IP Contributes to Reputation
This is perhaps the most rich aspect of understanding IP and its relationship with marketing.
Corporate reputation, unlike branding, is the expectation of stakeholders (customers, shareholders,
suppliers, employees, lenders, etc.) of future company performance based on their understanding and
approval of past performance correlated with present-tense results. Intellectual property doesn't
appear directly in such assessments — unless a lawsuit concerning some patent or copyright
factors into recent news — but it is reflected in a variety of other numbers.
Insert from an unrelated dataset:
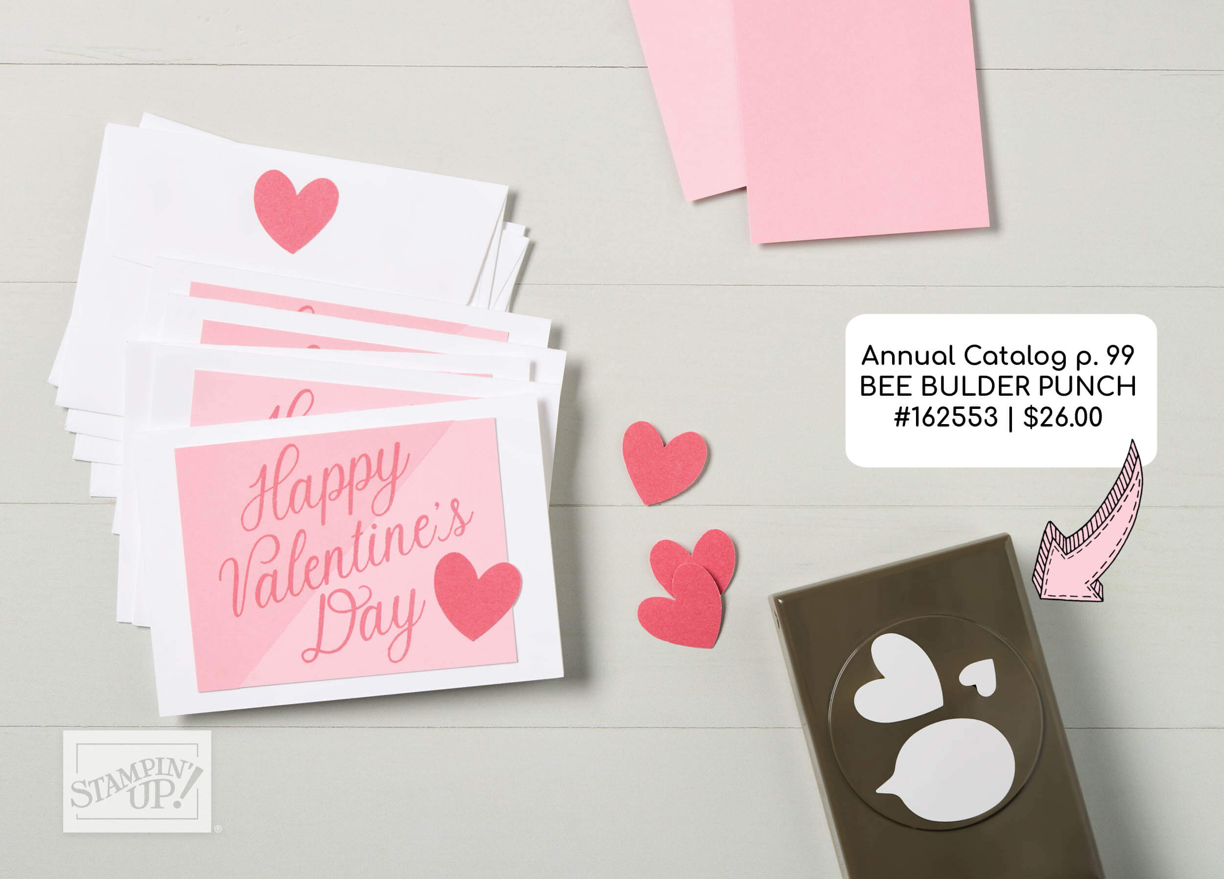 Notice the NEW packaging for Stampin’ Up!’s stamp sets, which is the same for die cuts. To make the sample card you see above, take two coordinating cardstock colors and cut them at the same angle and then adhere them together. Add a punched heart by using the Bee Builder Punch (see below). It’s just another simple and quick card when making a lot of multiples!

For instance, the IP
of smart, successful supply chain management can be reflected in more reliable production, better
vendor pricing, and even greater sustainability over time. Similarly, the IP of corporate governance can
be reflected in a company's ability to predict and subsequently manage crises, as well as identify the
best avenues for corporate growth and profits. None of this IP can be protected, or covered wholly by
legal provisions, but organizational processes "belong" to a business and inform its operational
results. Brands are a great tool for communicating product or service benefits, but corporate
reputation, not branding, is therefore the ultimate IP.
Marketers should take into consideration these various impacts and influences of intellectual property,
but shouldn't base their strategies or tactics solely on the legal definitions of product, service or
process. Knowing what is objectively unique, as defined by legal or regulatory construct, can make
marketing communications better and more focused, but the real intellectual value of any given
business is embedded in the quality of its relationships with customers and other stakeholders.